- _Work request_:
Transcribe the listing verbatim. Do not carry over any pictures.

** Opening Recorded information block **

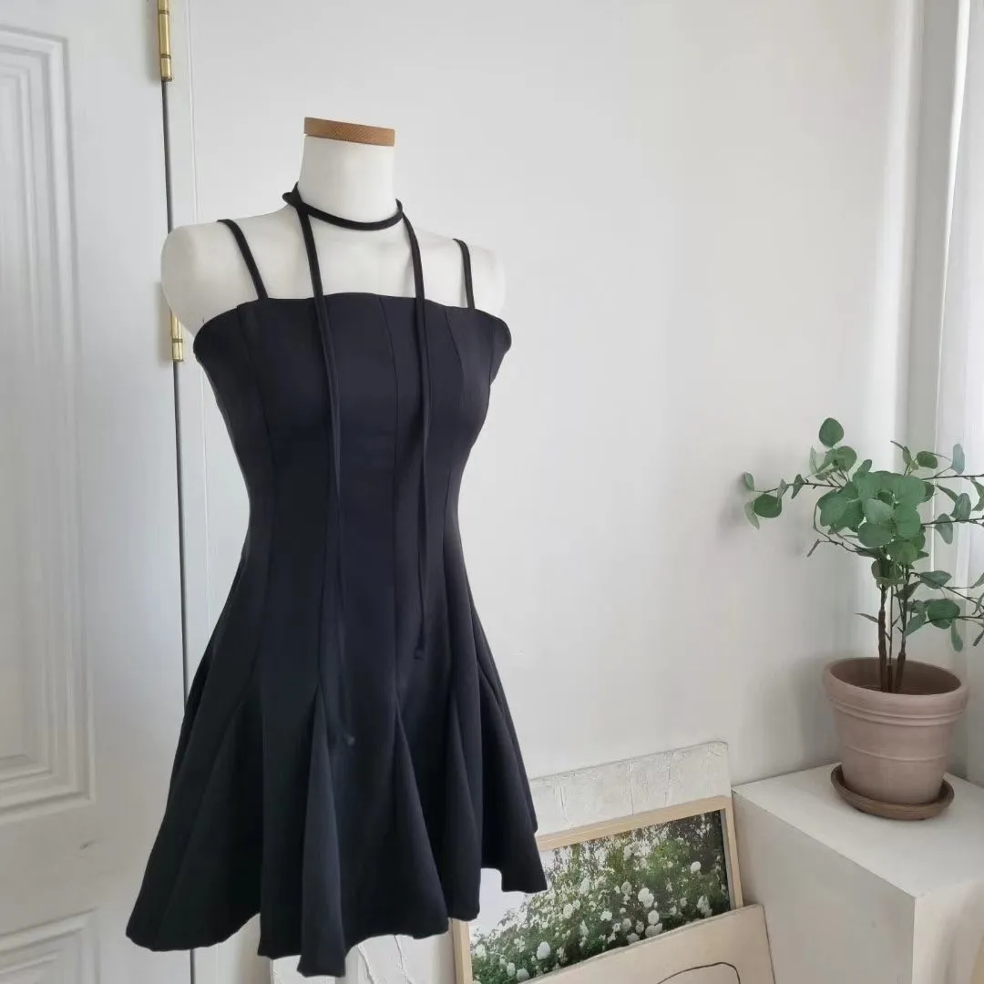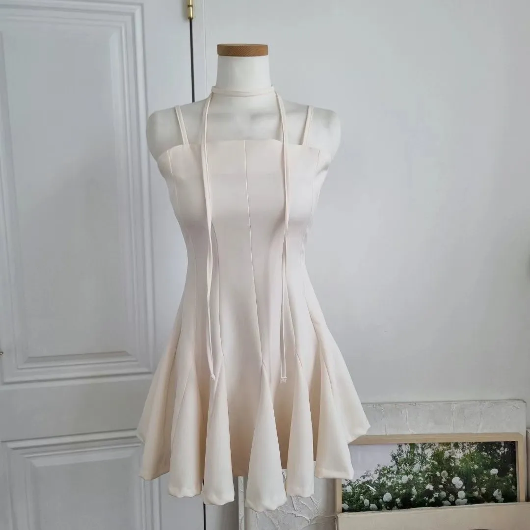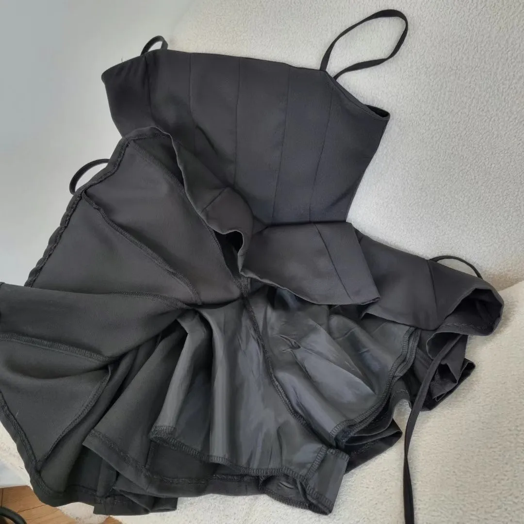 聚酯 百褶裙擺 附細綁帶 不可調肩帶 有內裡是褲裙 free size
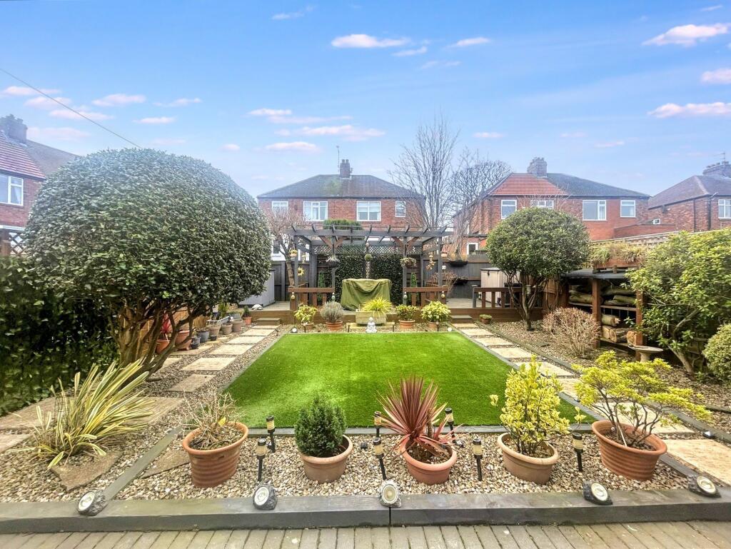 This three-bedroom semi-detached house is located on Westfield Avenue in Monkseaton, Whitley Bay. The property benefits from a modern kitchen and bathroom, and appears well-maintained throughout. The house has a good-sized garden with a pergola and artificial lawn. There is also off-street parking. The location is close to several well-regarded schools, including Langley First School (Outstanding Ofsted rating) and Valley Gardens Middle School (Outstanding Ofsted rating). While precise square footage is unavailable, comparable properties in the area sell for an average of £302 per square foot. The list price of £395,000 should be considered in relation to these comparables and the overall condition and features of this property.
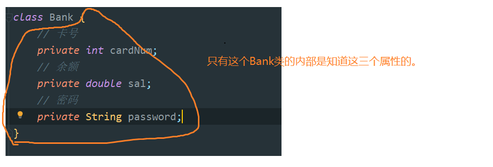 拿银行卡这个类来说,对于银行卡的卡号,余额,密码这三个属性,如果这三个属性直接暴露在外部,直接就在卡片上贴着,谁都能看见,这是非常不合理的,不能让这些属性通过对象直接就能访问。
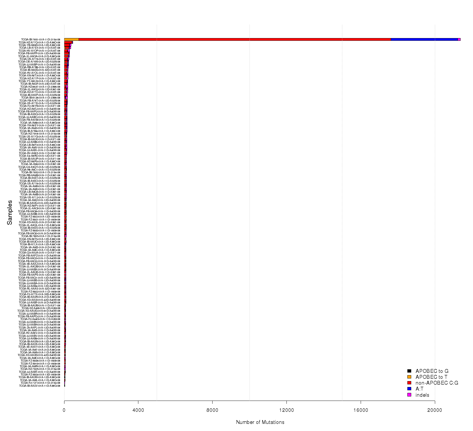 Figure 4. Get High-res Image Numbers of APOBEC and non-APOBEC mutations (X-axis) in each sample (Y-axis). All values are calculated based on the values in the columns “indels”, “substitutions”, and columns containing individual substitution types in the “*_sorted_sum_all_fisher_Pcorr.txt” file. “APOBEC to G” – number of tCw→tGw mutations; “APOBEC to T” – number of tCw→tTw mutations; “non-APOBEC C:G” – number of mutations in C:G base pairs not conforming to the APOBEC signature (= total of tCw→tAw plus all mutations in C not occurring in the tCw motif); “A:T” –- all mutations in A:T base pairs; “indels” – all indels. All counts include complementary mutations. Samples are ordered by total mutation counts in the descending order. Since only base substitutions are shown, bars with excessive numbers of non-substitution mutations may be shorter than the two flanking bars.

** Closing Recorded information block **

- _Reply to the task_:
 聚酯 百褶裙擺 附細綁帶 不可調肩帶 有內裡是褲裙 free size
 This three-bedroom semi-detached house is located on Westfield Avenue in Monkseaton, Whitley Bay. The property benefits from a modern kitchen and bathroom, and appears well-maintained throughout. The house has a good-sized garden with a pergola and artificial lawn. There is also off-street parking. The location is close to several well-regarded schools, including Langley First School (Outstanding Ofsted rating) and Valley Gardens Middle School (Outstanding Ofsted rating). While precise square footage is unavailable, comparable properties in the area sell for an average of £302 per square foot. The list price of £395,000 should be considered in relation to these comparables and the overall condition and features of this property.
 拿银行卡这个类来说,对于银行卡的卡号,余额,密码这三个属性,如果这三个属性直接暴露在外部,直接就在卡片上贴着,谁都能看见,这是非常不合理的,不能让这些属性通过对象直接就能访问。
 Figure 4. Get High-res Image Numbers of APOBEC and non-APOBEC mutations (X-axis) in each sample (Y-axis). All values are calculated based on the values in the columns “indels”, “substitutions”, and columns containing individual substitution types in the “*_sorted_sum_all_fisher_Pcorr.txt” file. “APOBEC to G” – number of tCw→tGw mutations; “APOBEC to T” – number of tCw→tTw mutations; “non-APOBEC C:G” – number of mutations in C:G base pairs not conforming to the APOBEC signature (= total of tCw→tAw plus all mutations in C not occurring in the tCw motif); “A:T” –- all mutations in A:T base pairs; “indels” – all indels. All counts include complementary mutations. Samples are ordered by total mutation counts in the descending order. Since only base substitutions are shown, bars with excessive numbers of non-substitution mutations may be shorter than the two flanking bars.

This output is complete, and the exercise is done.